Both neurologists and ophthalmologists should be familiar with the interpretation of visual field defects. Relatively early specific glaucomatous visual field defects include a nasal step defect obeying the horizontal meridian and the classic arcuate defect, which is a comma-shaped extension of the blind spot [20]. Thus, glaucoma usually causes nasal field defects although Wall and coworkers [21] recently showed that nearly half of glaucoma patients with mild central visual loss have defects in the inferotemporal visual field. The key point is that a temporal visual field defect with respect to the vertical midline with a relative normal optic disc appearance should not be interpreted as glaucoma.

Consequently, the most useful single feature is the disc/field correlation and the potential mismatch between visual function (visual acuity and color vision), visual field, and optic nerve appearance. Our case illustrates the need for clinicians to be vigilant in case of (presumed) NTG. A full neuro-ophthalmologic assessment of the optic nerve, including acuity, pupils, color vision, visual field, and fundoscopy, is surely within the skills of a competent ophthalmologist and could reduce the diagnostic delay.

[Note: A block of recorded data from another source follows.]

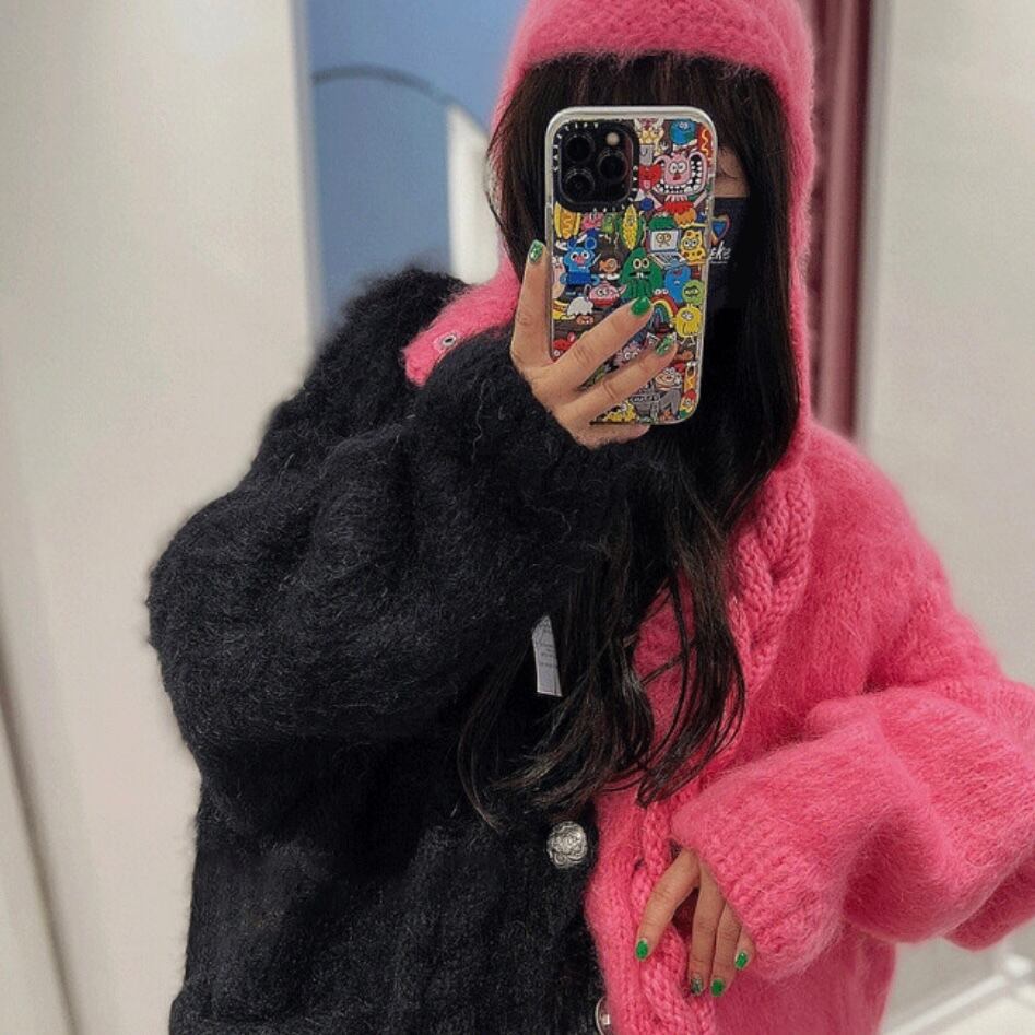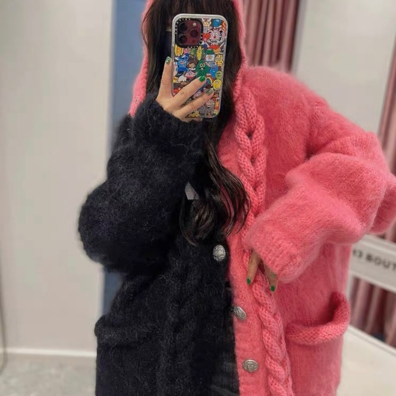 NT-0098 ウール ツートーンカラー 編み込み フード付き ニット 長袖 レディース カジュアル シンプル 可愛い ナチュラル お洒落
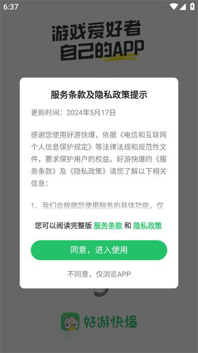 1、打開軟件之后閱讀隱私政策和用戶協(xié)議,點(diǎn)擊同意之后就能進(jìn)入到軟件;
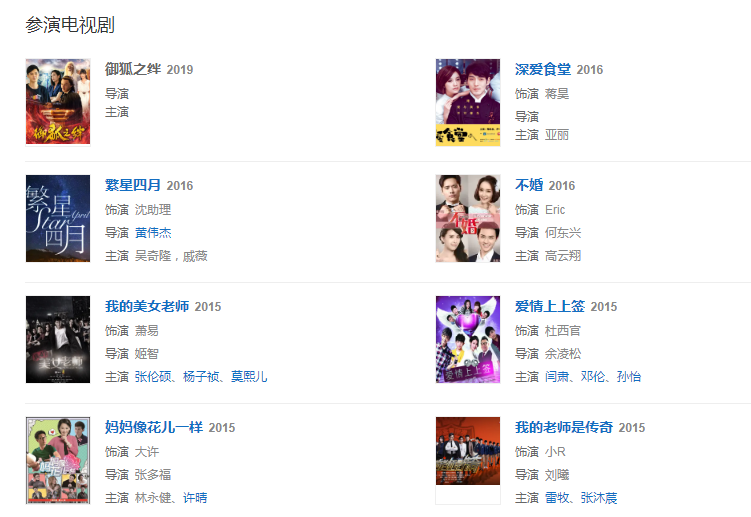 2014年參演電影《換愛(ài)七日》,在影片中飾演男主角“林浩” ;同年主演中國(guó)首部現(xiàn)代修真網(wǎng)絡(luò)劇《我的美女老師》  。

The aforementioned tests should be mandatory before a diagnosis of NTG is made. In our opinion, features such as field loss respecting the vertical meridian, optic disc pallor, reduced color vision, right relative afferent pupillary defect, and, particularly, disc/field mismatch should alert the clinician to the possibility of a compressive lesion. OCT (RNFL and GCC) may help the clinician and may be abnormal even when visual filed is still intact. Our case shows how even a monocular temporal visual field defect (JST) respecting the vertical meridian may be misunderstood as NTG if the optic disc appears cupped but not pallid in a patient with a preserved visual acuity.

Statement of Ethics

This research was conducted ethically in accordance with the Declaration of Helsinki. This retrospective review of patient data did not require ethical approval in accordance with local/national guidelines. Written informed consent was obtained from the patient for publication of this case report and any accompanying images.

Conflict of Interest Statement

The authors have no conflicts of interest to declare.

Funding Sources

No specific funding was received for the present study.

Author Contributions

Francesco Pellegrini: supervision and final editing. Alessandra Cuna: image collection. Daniele Cirone: English editing. Cristina Ciabattoni: case description. Ettore Caruso: MEDLINE search. Antonio Zappacosta and Emanuela Interlandi: discussion.

Data Availability Statement

All data generated or analyzed during this study are included in this article. Further enquiries can be directed to the corresponding author.